A la mañana siguiente, cuando Elena bajó las escaleras, vio a Camila de pie frente a la mesa del comedor, colocando tazones y palillos.
Tras una noche de "esfuerzo", había logrado cambiar su uniforme de empleada doméstica por un ajustado vestido que acentuaba su curvilínea figura. Sumado a que su rostro guardaba cierto parecido con el de Elena, no era de extrañar que Daniel la hubiera elegido.
Al ver aparecer a Elena, Camila la saludó con calidez:
—Señora, ya está despierta. Venga a desayunar.
Como sin querer, se ladeó ligeramente, revelando en su cuello las marcas de besos amoratados. En su delgada muñeca, lucía una pulsera de jade verde traslúcido.
Elena la reconoció al instante: era la que alguna vez llevó la madre de Daniel, una reliquia de la familia Fernández.
Recordaba que Daniel había intentado conseguirla para ella, pero la madre se negó, argumentando su incapacidad para darle un heredero.
Y ahora, estaba en la muñeca de Camila.
Elena apretó los puños. De pronto, todo por lo que había luchado le pareció ridículo.
¡Y ella aún pensaba en la amistad entre sus familias y quería evitar un escándalo! Resulta que Camila era la nuera que la madre de Daniel aprobaba.
Incluso el mejor amigo de Daniel en el hospital conocía la existencia de Camila.
Solo ella, como una tonta, había sido engañada por las vacías promesas de Daniel.
Una sonrisa amarga se dibujó en los labios de Elena. Si Daniel hubiera decidido tener un hijo abiertamente, ella lo habría aceptado y se habría alejado sin aferrarse.
Al recordar la escena en el estudio la noche anterior, un dolor punzante le recorrió el corazón. Deseaba abofetear a Daniel con todas sus fuerzas.
Pero ese no era el resultado que buscaba. Quería que se arrepintiera para siempre.
En ese momento, Daniel bajó las escaleras. Él, por su parte, se veía fresco y lleno de energía, sin rastro de haber "trabajado" toda la noche.
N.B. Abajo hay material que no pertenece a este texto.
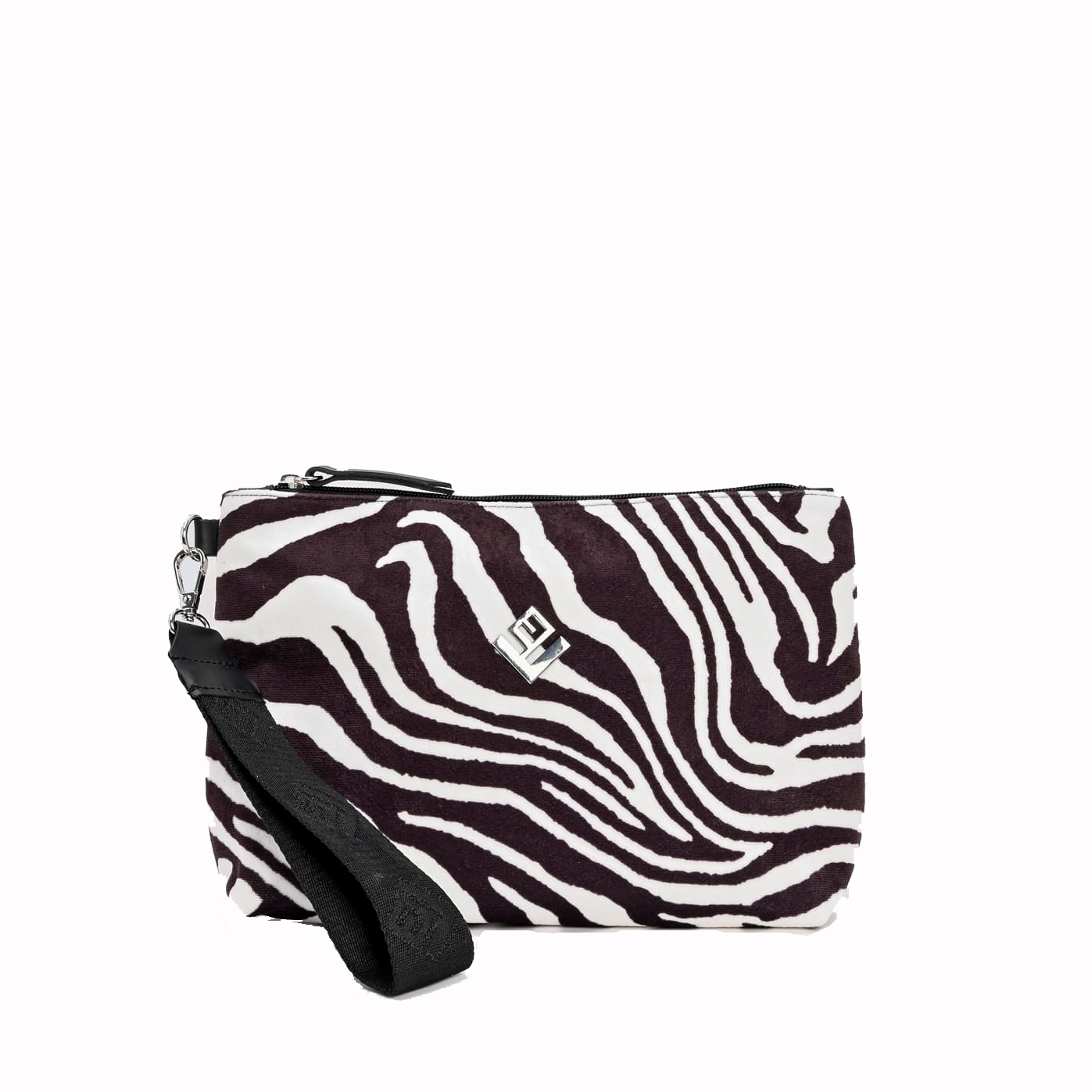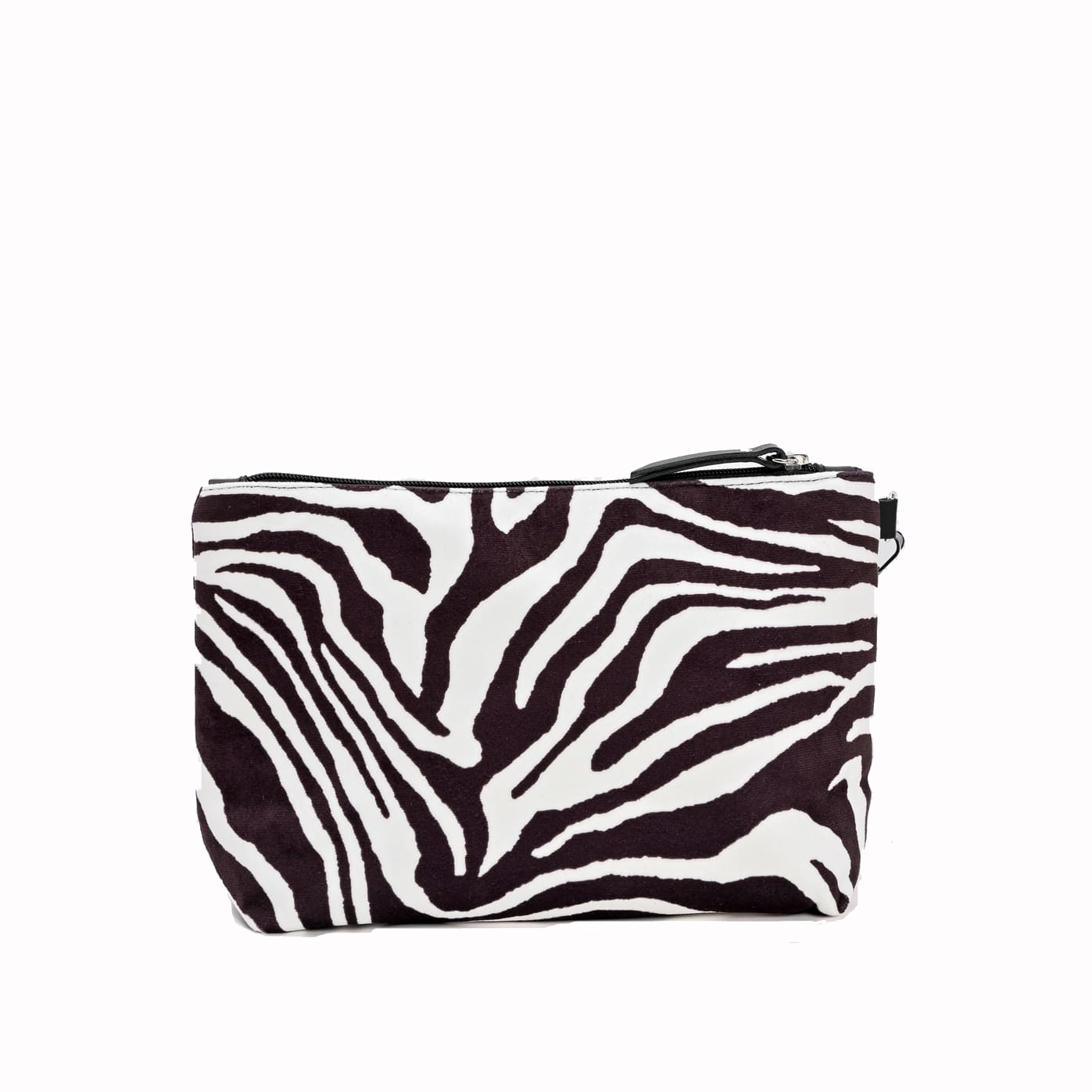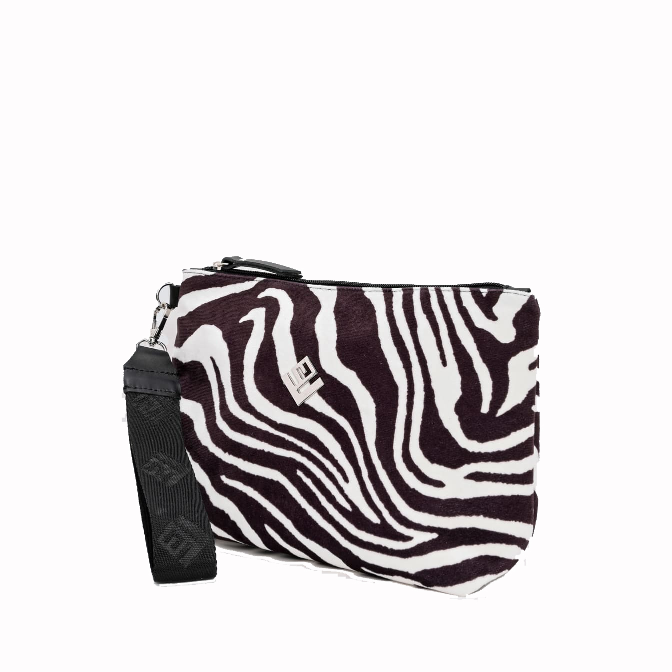 Τσάντα Χειρός Lovely handmade Necessaire Feral Zebra BW σε σε ασπρόμαυρη απόχρωση Animal free Wild Velvet Ζέβρα με λουράκι χειρός. Μια βελούδινη luxury επιλογή για τη συλλογή σας

Al pasar cerca de Camila, fue evidente la mirada cómplice que intercambiaron, haciendo que Camila bajara la cabeza, avergonzada.
El hombre se giró y entonces vio la palidez del rostro de Elena. No pudo evitar preocuparse:
—Cariño, ¿estás enferma por la lluvia de ayer? No iré a la oficina hoy, me quedaré a cuidarte.
La Elena de ahora solo ansiaba irse. Cada segundo junto a Daniel le resultaba sofocante. Todo le parecía manchado.
—No es necesario —se negó—. El trabajo es importante. Descansaré en casa.
Daniel frunció el ceño. Una inexplicable inquietud se apoderó de él. Antes, Elena ansiaba que no se separara de ella ni un momento. Ahora, todo era diferente.
Pero conocía a Elena y sabía que su decisión estaba tomada. No tuvo más que advertir a los empleados:
—Cuiden bien de la señora en casa.
Los empleados a su alrededor se miraron entre sí, como si ya estuvieran inmunizados ante su imagen de pareja perfecta, y asintieron uno tras otro.
Fue entonces cuando Camila se levantó de repente, se acercó a Daniel y comenzó a arreglarle la ropa.
—Tienes el cuello desarreglado. Deja que te ayude.
Y Daniel, instintivamente, bajó la cabeza y permitió que lo hiciera.
Ese acto inconsciente fue lo que más le dolió al corazón.
Los empleados contuvieron la respiración. Todas las miradas se volvieron hacia Elena. Nadie se atrevía a respirar.
Solo entonces Daniel notó que algo andaba mal. Dio un paso atrás abruptamente, poniendo distancia con Camila, y le agradeció con frialdad.
—Me voy a la oficina —se acercó a Elena, se inclinó y dejó un beso en su frente, diciendo en voz baja—: Pórtate bien, espérame para volver.
La voz tierna era idéntica a la que había usado en el estudio la noche anterior.